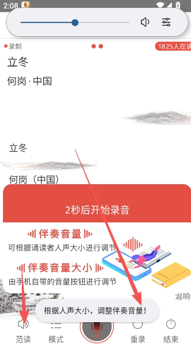 4、按照范读的范例参与录音挑战,注意保持录音环境的整洁,保证录制出的效果与当前k诗主题相契合。
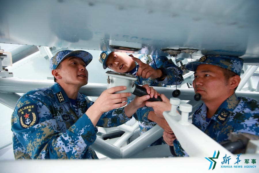 范文武(左一)在宿州舰与专业骨干研究装备性能。(2016年7月1日 )新华社记者查春明摄
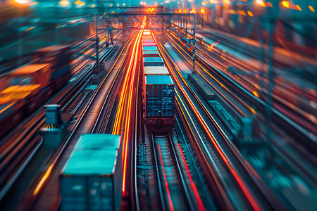 This aerial photograph captures the intricate layout of a bustling industrial railroad yard at night, showcasing freight trains and illuminated tracks in an urban environment.
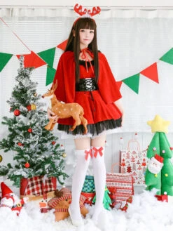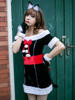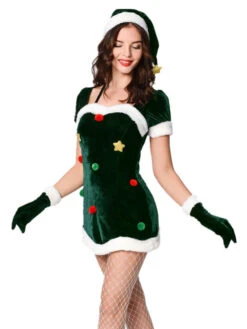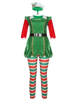 Women Christmas Costume Green Polyester Fiber Dress Hat Color Block Holidays Costumes Full Set
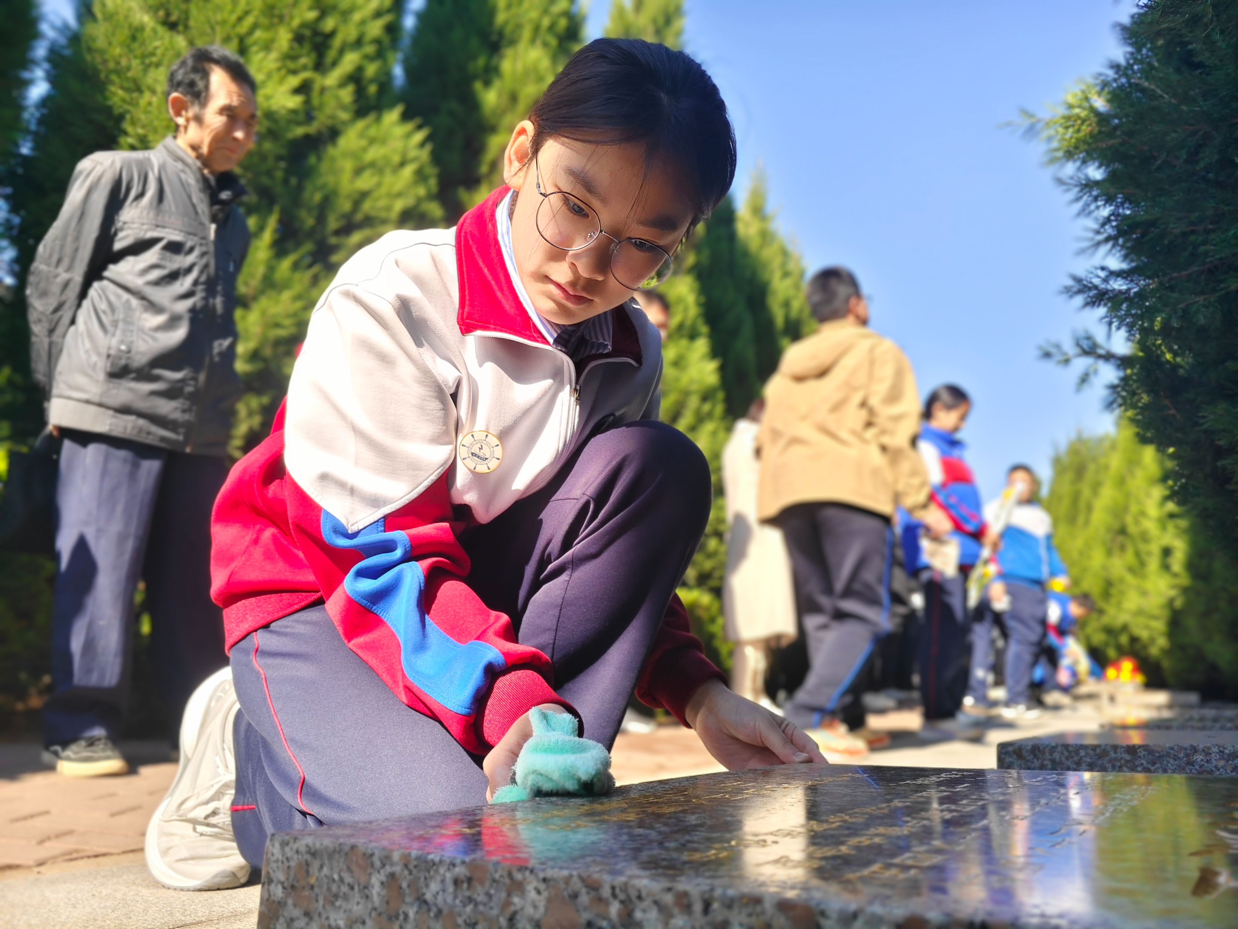 河口区志愿者协会组织百余名小志愿者开展清明祭扫活动

● **Problem to solve**: What is needed is an exact copy of the lines from the one with "范文武(左一)在宿州舰与专业" through the end of the data above, both included, minus any pictures.

● **Completed task**:
 范文武(左一)在宿州舰与专业骨干研究装备性能。(2016年7月1日 )新华社记者查春明摄
 This aerial photograph captures the intricate layout of a bustling industrial railroad yard at night, showcasing freight trains and illuminated tracks in an urban environment.
 Women Christmas Costume Green Polyester Fiber Dress Hat Color Block Holidays Costumes Full Set
 河口区志愿者协会组织百余名小志愿者开展清明祭扫活动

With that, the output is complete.